Simon, Jacob (JILA, University of Colorado)
Bai, Xue-Ning (ITC, Harvard Cfa)
Armitage, Philip (JILA, University of Colorado)
Stone, James (Princeton University)
Beckwith, Kris (Tech-X Corporation)

We study the nature of magnetohydrodynamic (MHD) turbulence in protoplanetary disks driven by the magnetorotational instability (MRI) in order to understand the conditions under which planets first begin to form. In particular, we present a series of high resolution gas dynamics simulations that are focused on several radial regions in a model protoplanetary disk. Close to the star where the gas is fully ionized, strong features called \"zonal flows\" appear in the gas pressure; these features could potentially trap small dust particles for long periods of time, playing a significant role in early planet formation processes. At large disk radii where the gas density is lower, ambipolar diffusion dominates and creates regions where the MRI is less efficient at generating turbulence.
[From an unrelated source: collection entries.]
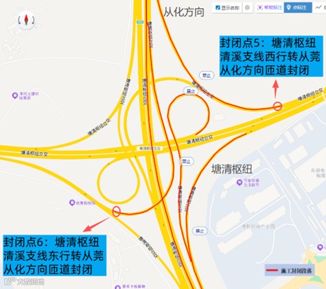 封闭点5:塘清枢纽清溪支线西行转从莞从化方向匝道;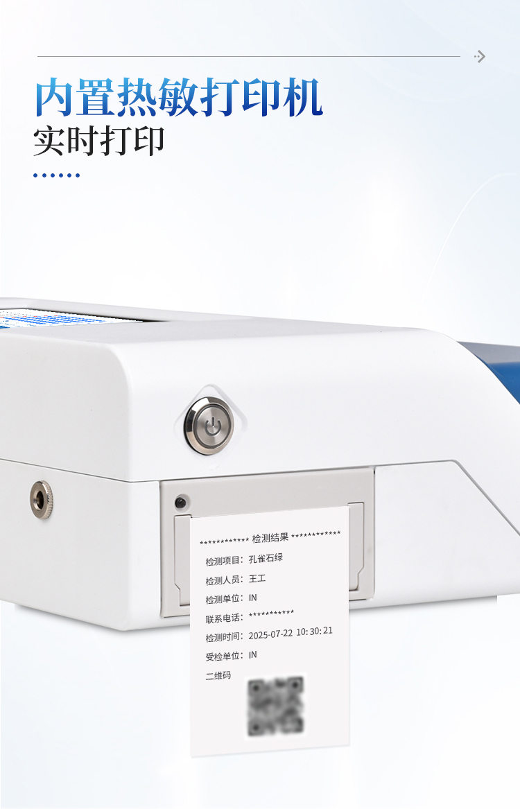 5、内置热敏打印机,检测完成即可现场打印标准报告,提升工作效率。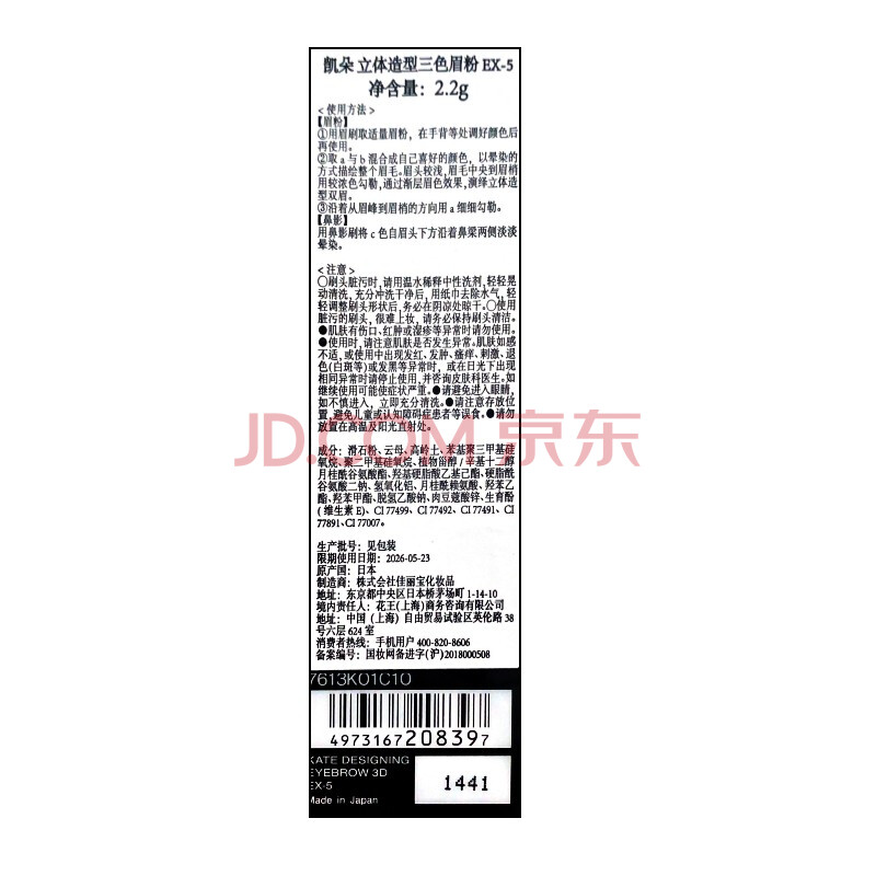 商品相册:凯朵(KATE)三色眉粉耐水耐汗鼻影画眉毛修容持妆生日礼物送女友EX-5 2.2g第

However, zonal flows may persist in these “ambipolar damping zones” as well, making them potential sites for planet formation in the outer disk. Finally, we show that at these large distances, the geometry and strength of the magnetic field play an important role in setting the level of turbulence throughout the disk’s vertical extent and thus the accretion rate onto the central protostar.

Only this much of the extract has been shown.